BEGIN

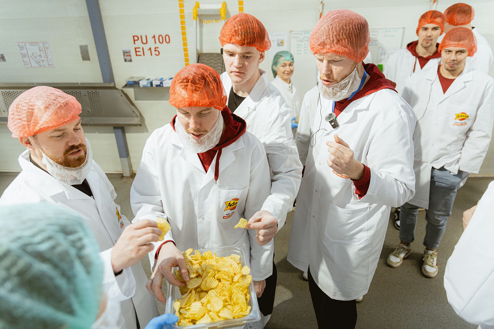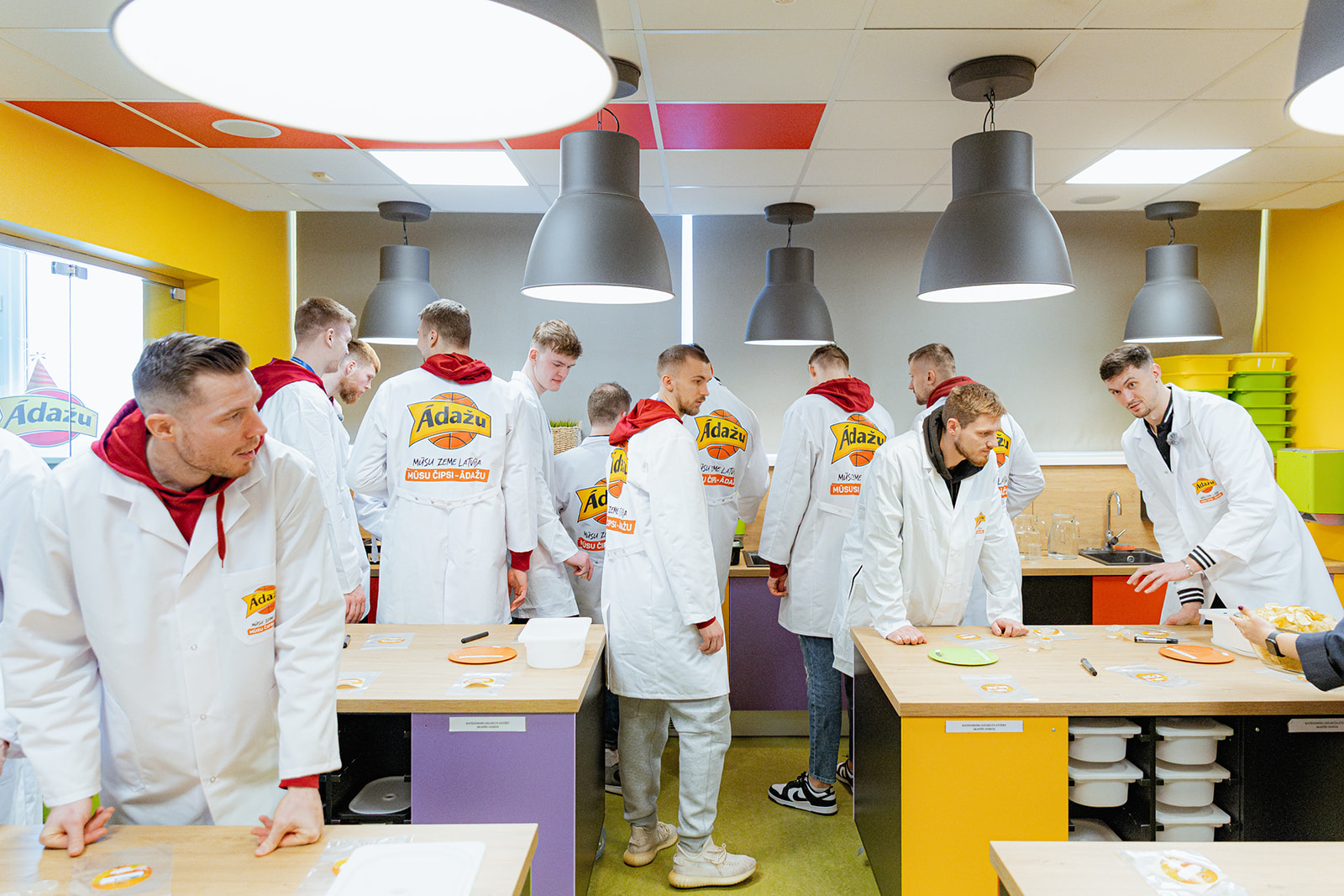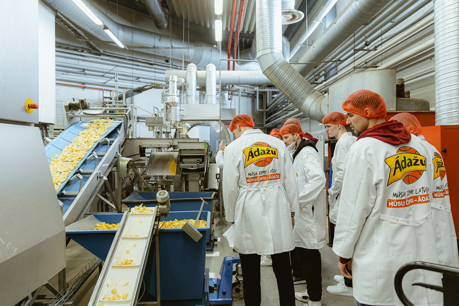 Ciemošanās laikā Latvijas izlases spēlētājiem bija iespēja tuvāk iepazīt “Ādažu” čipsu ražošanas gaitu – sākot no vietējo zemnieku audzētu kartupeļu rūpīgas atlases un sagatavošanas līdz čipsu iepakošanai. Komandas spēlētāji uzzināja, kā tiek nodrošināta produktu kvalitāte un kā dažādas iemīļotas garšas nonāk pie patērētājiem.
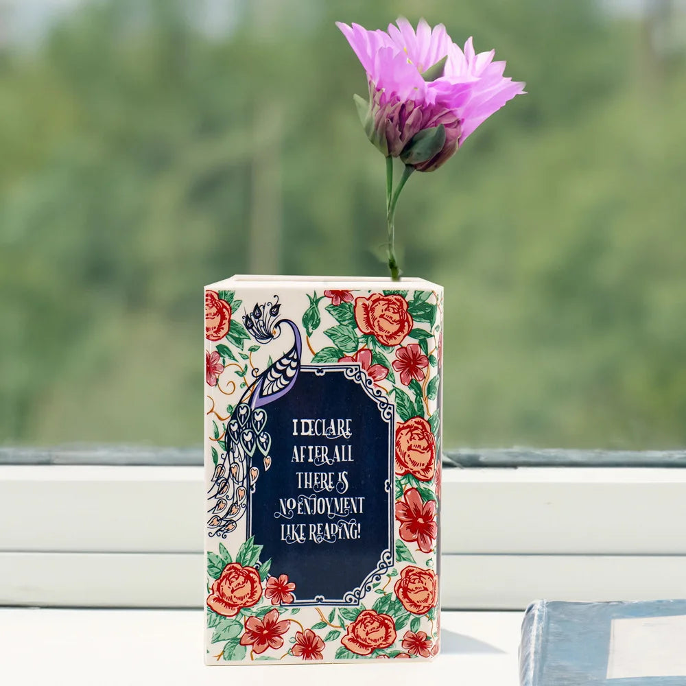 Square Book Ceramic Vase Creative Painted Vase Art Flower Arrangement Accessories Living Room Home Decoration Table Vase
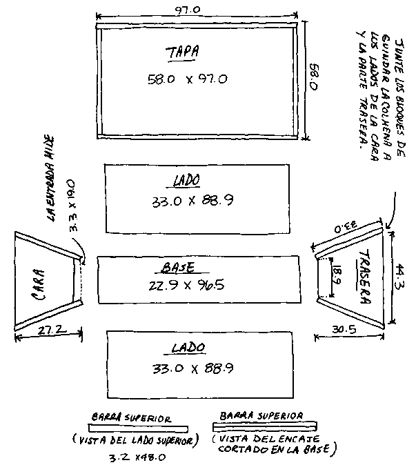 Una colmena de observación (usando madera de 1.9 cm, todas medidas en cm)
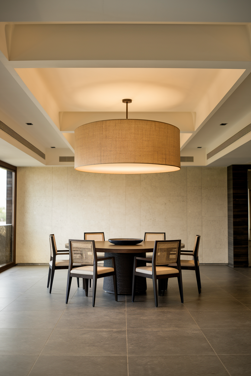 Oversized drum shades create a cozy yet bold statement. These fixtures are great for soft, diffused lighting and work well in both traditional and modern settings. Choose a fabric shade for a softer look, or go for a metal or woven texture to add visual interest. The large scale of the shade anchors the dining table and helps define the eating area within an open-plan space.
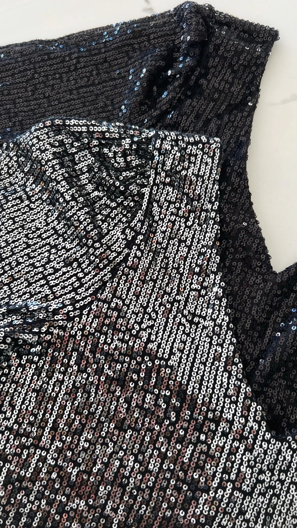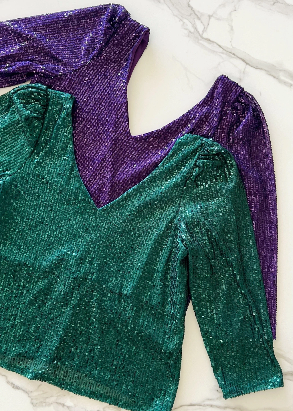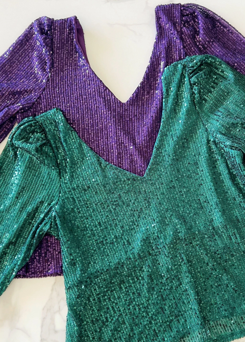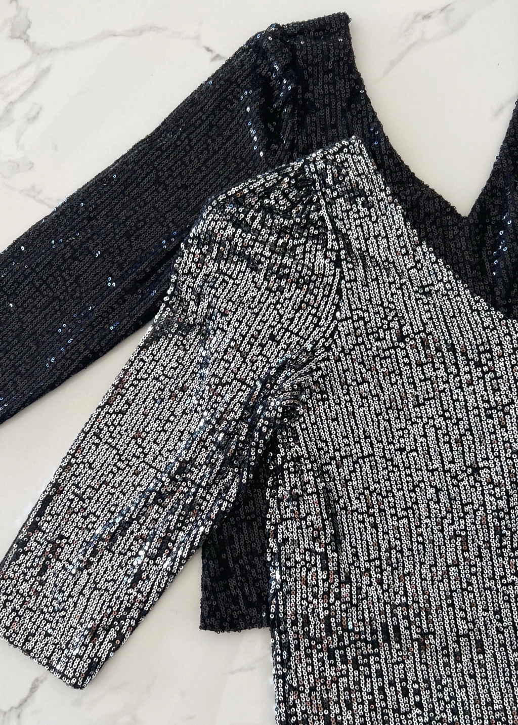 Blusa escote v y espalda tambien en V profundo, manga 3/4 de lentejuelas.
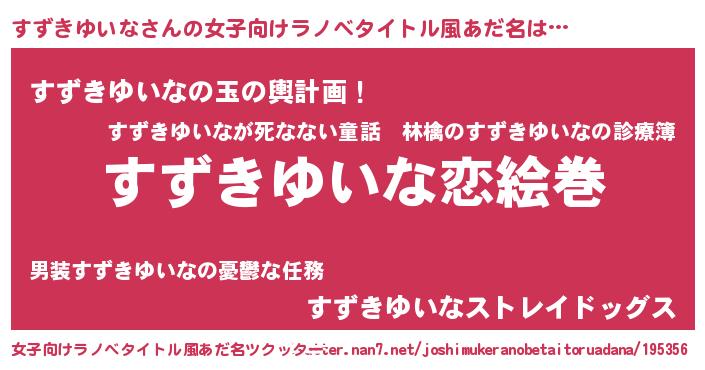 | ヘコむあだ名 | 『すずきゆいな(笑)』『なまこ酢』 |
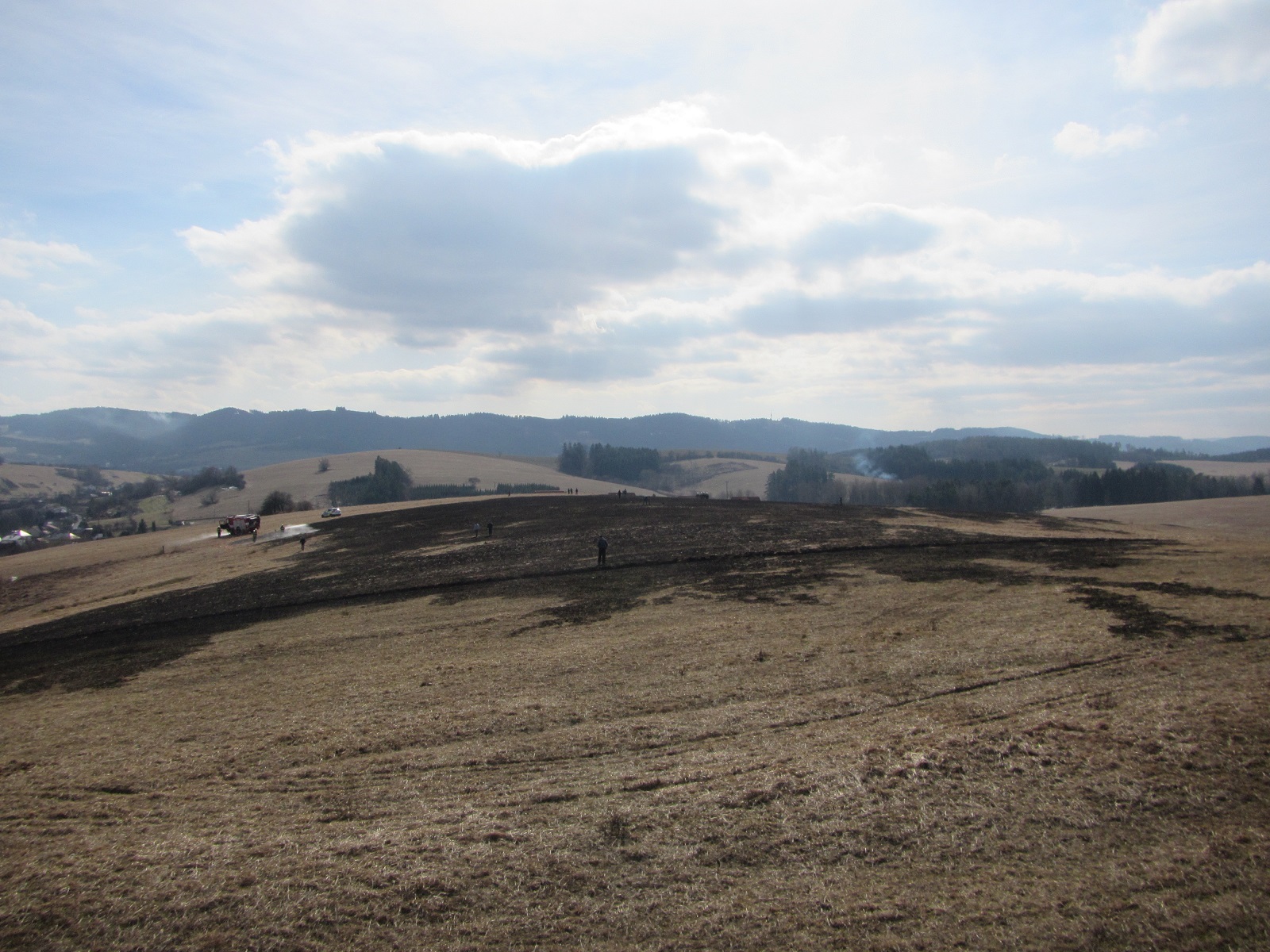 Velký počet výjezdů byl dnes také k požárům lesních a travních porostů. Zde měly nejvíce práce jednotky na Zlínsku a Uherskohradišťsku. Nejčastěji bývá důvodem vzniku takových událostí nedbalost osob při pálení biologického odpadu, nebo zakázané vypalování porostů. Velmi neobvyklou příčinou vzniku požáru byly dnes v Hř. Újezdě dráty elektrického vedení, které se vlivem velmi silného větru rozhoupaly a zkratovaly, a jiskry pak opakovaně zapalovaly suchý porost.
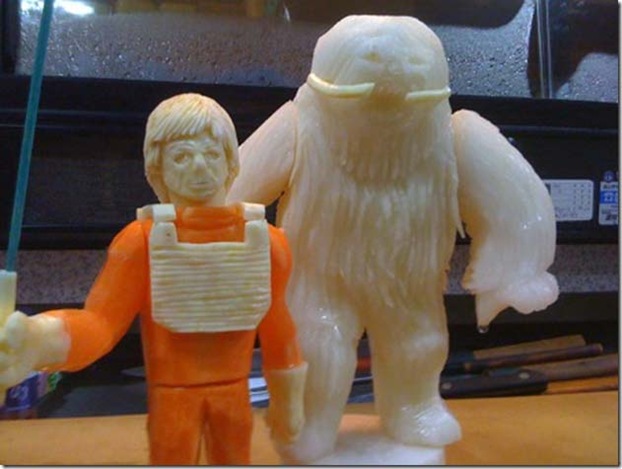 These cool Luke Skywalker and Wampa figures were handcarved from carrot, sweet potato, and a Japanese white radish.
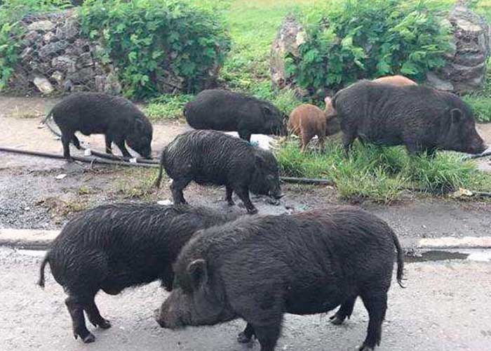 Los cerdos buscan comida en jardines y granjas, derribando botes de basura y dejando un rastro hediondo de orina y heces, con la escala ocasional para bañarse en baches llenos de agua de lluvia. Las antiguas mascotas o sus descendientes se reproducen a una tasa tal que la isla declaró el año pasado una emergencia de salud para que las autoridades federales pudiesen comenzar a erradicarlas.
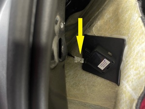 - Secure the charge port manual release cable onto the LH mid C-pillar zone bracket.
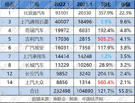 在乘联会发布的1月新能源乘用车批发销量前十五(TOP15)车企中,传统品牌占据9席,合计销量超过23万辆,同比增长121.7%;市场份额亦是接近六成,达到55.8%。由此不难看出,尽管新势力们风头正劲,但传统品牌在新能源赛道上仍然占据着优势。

END

— Task instructions —
For every record above, repeat the text exactly and omit any picture.

— Solution to the exercise —
 Ciemošanās laikā Latvijas izlases spēlētājiem bija iespēja tuvāk iepazīt “Ādažu” čipsu ražošanas gaitu – sākot no vietējo zemnieku audzētu kartupeļu rūpīgas atlases un sagatavošanas līdz čipsu iepakošanai. Komandas spēlētāji uzzināja, kā tiek nodrošināta produktu kvalitāte un kā dažādas iemīļotas garšas nonāk pie patērētājiem.
 Square Book Ceramic Vase Creative Painted Vase Art Flower Arrangement Accessories Living Room Home Decoration Table Vase
 Una colmena de observación (usando madera de 1.9 cm, todas medidas en cm)
 Oversized drum shades create a cozy yet bold statement. These fixtures are great for soft, diffused lighting and work well in both traditional and modern settings. Choose a fabric shade for a softer look, or go for a metal or woven texture to add visual interest. The large scale of the shade anchors the dining table and helps define the eating area within an open-plan space.
 Blusa escote v y espalda tambien en V profundo, manga 3/4 de lentejuelas.
 | ヘコむあだ名 | 『すずきゆいな(笑)』『なまこ酢』 |
 Velký počet výjezdů byl dnes také k požárům lesních a travních porostů. Zde měly nejvíce práce jednotky na Zlínsku a Uherskohradišťsku. Nejčastěji bývá důvodem vzniku takových událostí nedbalost osob při pálení biologického odpadu, nebo zakázané vypalování porostů. Velmi neobvyklou příčinou vzniku požáru byly dnes v Hř. Újezdě dráty elektrického vedení, které se vlivem velmi silného větru rozhoupaly a zkratovaly, a jiskry pak opakovaně zapalovaly suchý porost.
 These cool Luke Skywalker and Wampa figures were handcarved from carrot, sweet potato, and a Japanese white radish.
 Los cerdos buscan comida en jardines y granjas, derribando botes de basura y dejando un rastro hediondo de orina y heces, con la escala ocasional para bañarse en baches llenos de agua de lluvia. Las antiguas mascotas o sus descendientes se reproducen a una tasa tal que la isla declaró el año pasado una emergencia de salud para que las autoridades federales pudiesen comenzar a erradicarlas.
 - Secure the charge port manual release cable onto the LH mid C-pillar zone bracket.
 在乘联会发布的1月新能源乘用车批发销量前十五(TOP15)车企中,传统品牌占据9席,合计销量超过23万辆,同比增长121.7%;市场份额亦是接近六成,达到55.8%。由此不难看出,尽管新势力们风头正劲,但传统品牌在新能源赛道上仍然占据着优势。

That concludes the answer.